La giornata è proseguita con la lezione di Patrizia Lombardi, Professoressa Ordinaria in Valutazione economica dei progetti, Prorettorice del Politecnico di Torino, già Direttorice del Dipartimento Interateneo in Scienza, progetto e Politiche per il Territorio del Politecnico di Torino. Questa lezione è risultata illuminante, accendendo tra le studentesse e gli studenti un interessante dibattito sulla sostenibilità della transizione tecnologica e sugli effetti dirompenti dell’uomo sul pianeta tramite il riscaldamento globale. Importante è stato ripercorrere il significato del progresso e quali armi sono in nostro possesso per fare in modo che questo raggiunga quante più persone possibili, ma in maniera sostenibile. Lo sviluppo sostenibile, la cui principale portavoce è l’Organizzazione delle Nazioni Unite, rappresenta una nuova branca della politica pubblica, ancora in evoluzione in quanto richiede un processo che vada oltre quello classico e tradizionale, che coinvolge esperti e politici: i processi decisionali devono essere collettivi, di modo che siano partecipati e con una base scientifica forte, superando la black box (David Easton, 1965), per giungere ad una “scatola aperta e condivisa”.

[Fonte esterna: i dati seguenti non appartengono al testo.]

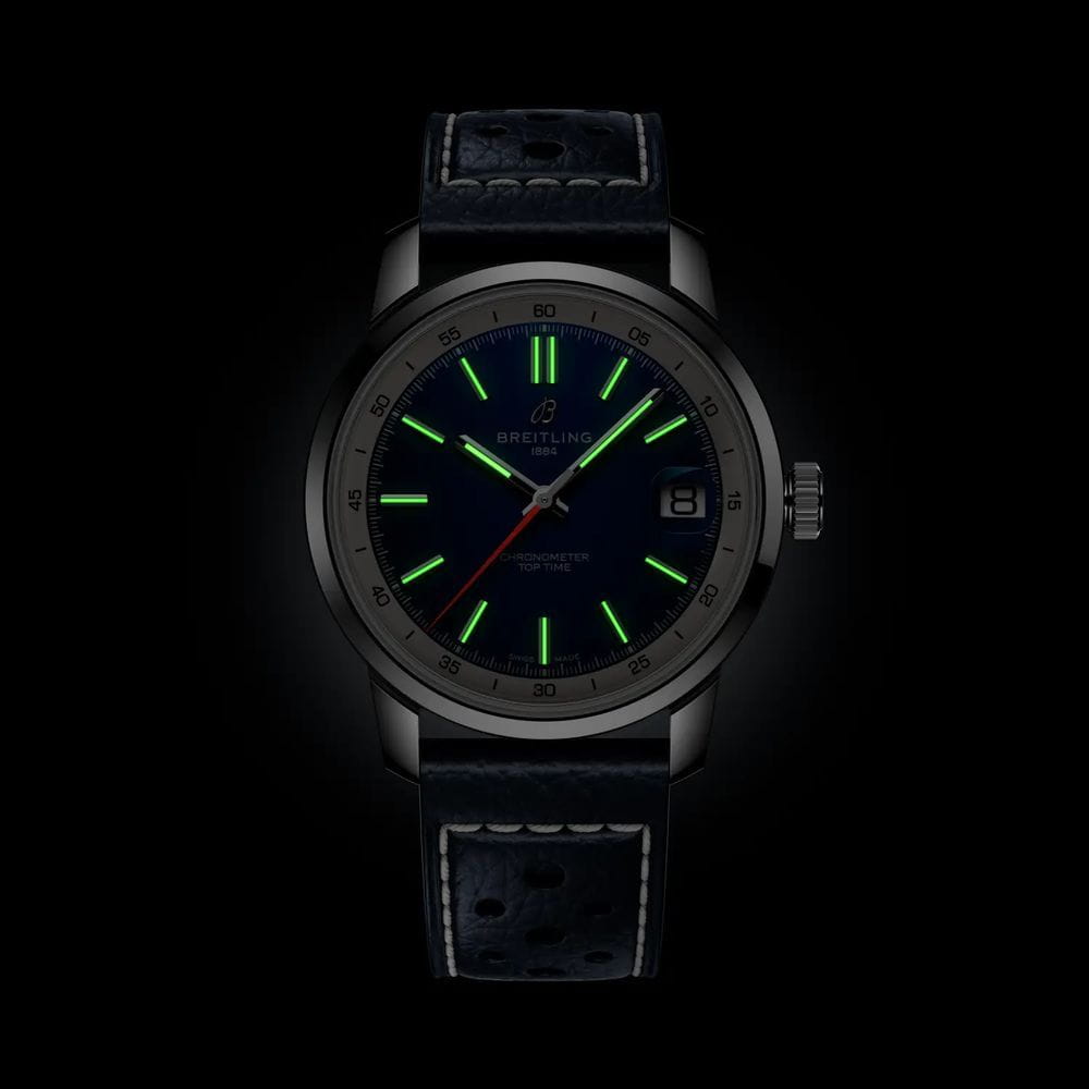 Breitling Top Time B31 AB3113A71C1X1 — стильная новинка 2025 года с характерной винтажной эстетикой и современным механизмом собственного производства. Корпус диаметром 38 мм выполнен из нержавеющей стали с полированной отделкой. Прозрачная задняя крышка позволяет наблюдать за работой механизма. Циферблат защищён выпуклым сапфировым стекломСапфировое стеклоПрочный и надёжный материал из кристалла сапфира синтетического происхождения, характеризующийся особой твёрдостью и устойчивостью к царапинам и повреждениям. с двухсторонним антибликовым покрытиемАнтибликовое покрытиеСлой оксида металла в 0,13-0,3 микрон, благодаря которому стекло часов не бликует и не отражает свет. Антибликовое покрытие уменьшает отражение света в 10 раз, обеспечивая отличную читаемость показателей циферблата.. Циферблат с контрастным внутренним кольцом и яркой оранжевой секундной стрелкой оформлен в узнаваемом стиле коллекции Top Time. Стрелки и часовые метки имеют люминесцентное покрытиеЛюминесцентное покрытиеПозволяет считывать показания времени в темноте. Производители наносят на стрелки, часовые индексы, безель или поверхность циферблата светонакопительный состав, дающий холодное свечение., обеспечивающее отличную читаемость. Внутри установлен автоматический калибр Breitling B31, отображающий часы, минуты, малую секунду и дату. Механизм обеспечивает запас хода до 78 часов и работает с частотой 28 800 полуколебаний в час. Часы укомплектованы перфорированным кожаным ремешком и классической застёжкой-пряжкой. Водонепроницаемость 100 метров делает модель универсальной для повседневного использования. Top Time B31 AB3113A71C1X1 — гармония винтажного дизайна и инновационного часового мастерства.

La lezione finale, tenuta dal Dottor Andrea Gavosto, si è incentrata sulla valutazione di impatto delle politiche pubbliche, nonché quella valutazione che parte dai loro risultati, o outcomes. Questa tipologia di valutazione si basa spesso sul metodo sperimentale, che vuole andare ad osservare l’incidenza degli effetti constatati, tramite degli indicatori molto precisi. Nonostante ciò, non si può dimenticare che i dati non sono infallibili: i cambiamenti potrebbero non essere legati alla politica condotta, ma a fattori incidentali che si verificano casualmente nello stesso luogo o a decisioni individuali dei soggetti sottoposti alla politica. Per questo, esistono anche dei metodi comparativi che si basano sulla proiezione di quelle che sarebbero le condizioni dei soggetti, se questi non fossero stati sottoposti alla politica. Qualunque sia il metodo adottato, la chiave per la valutazione di una politica pubblica è la chiarezza negli intenti: deve essere chiaro cosa si vuole monitorare, a vantaggio di quale gruppo sociale, in che modo questo può essere misurato e quali sono gli effetti che la politica dovrebbe produrre. Ma soprattutto, fondamentale è riconoscere la necessità del processo valutativo, senza il quale non saremmo in grado di capire se una data policy aiuti o meno le persone beneficiarie nelle loro opportunità e nel loro benessere, conducendo anche alla diffusione di una politica che risulti particolarmente funzionante (policy transfer).

Queste nozioni rappresentano un sapere trasversale che il corso IMPACT può offrire, con l’intenzione di sviluppare un pensiero critico sul policy-making e il problem-solving. Non vediamo l’ora di vedere dove le prossime lezioni ci porteranno!